Ainda de acordo com o pensador, a poesia se difere dos demais tipos de
produção por tratar do universal. A história, por sua vez, refere-se ao particular,
haja vista que os historiadores podem somente retratá-la como ela, de fato,
aconteceu, enquanto os poetas a representam como ela poderia ter sido. Dessa
forma, tendo em vista o pensamento de Danziger e Johnson (1974), a temática
da literatura é voltada para as mais diversas e particulares vivências dos seres
humanos, podendo essas serem representadas de maneira fiel ou idealizadas.
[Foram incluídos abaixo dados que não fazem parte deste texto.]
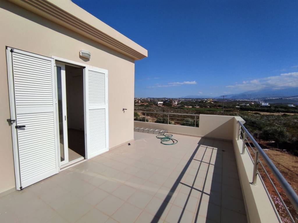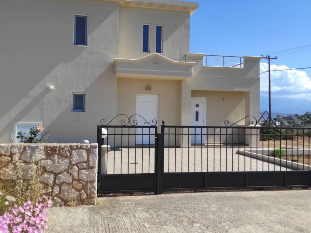For Rent: Two-storey detached house (maisonette) with a clean surface area of 120 sq.m., airy and sunny, located 300 m. away from the sea with unrestricted views. Situated on a fenced plot of 2 acres, offering many outdoor spaces. Consists of a large open-plan living-dining area, kitchen, three bedrooms with spacious closets, one bathroom, and one WC, as well as large verandas with views in all directions. It features aluminum frames with double glazing and screens, central heating with an oil boiler, solar water heater, 2 small storage rooms, 4 A/C units, and outdoor parking. It is offered unfurnished and without electrical appliances. The property is located in Tersanas, Akrotiri, Chania, 7 km away from Chania Airport and 13 km away from the center of Chania city.

Para o autor, a capacidade da representação é algo fundamental e inato


aos seres humanos já que segundo ele, “imitar é natural ao homem desde a
infância” (ARISTÓTELES,1987, p. 21). Com isso, o autor acredita que a
reprodução do outro é a principal forma de aprendizado da humanidade, tendo
em vista que o ser humano, segundo sua visão, é o mais mimético de todos os
seres, por isso aprendem e sentem prazer ao ver representações. Assim, ao
assistir a um filme, por exemplo, o indivíduo não está apenas se divertindo com
imitações de imitações, mas aprendendo sobre a natureza das ações humanas

Por fim, a arte é uma representação da realidade, e a literatura, como


manifestação artística, se utiliza da palavra como forma de expressão. Destarte,
o texto poético é fundamental para o aprendizado, tendo importância não só
estética, mas também política e moral em virtude da sua capacidade de
fotografar a trajetória de uma nação, podendo ser considerado, logo, um produto
cultural.

Referências bibliográficas
ARISTÓTELES. Poética. Tradução Eudoro de Sousa. 2. ed. Imprensa Nacional
– Casa da Moeda. 1990. Série Universitária. Clássicos de Filosofia.

DANZIGER, Marlies K. e JOHNSON, W. Stacy. Introdução ao Estudo Crítico


da Literatura, São Paulo, Cultrix, 1974.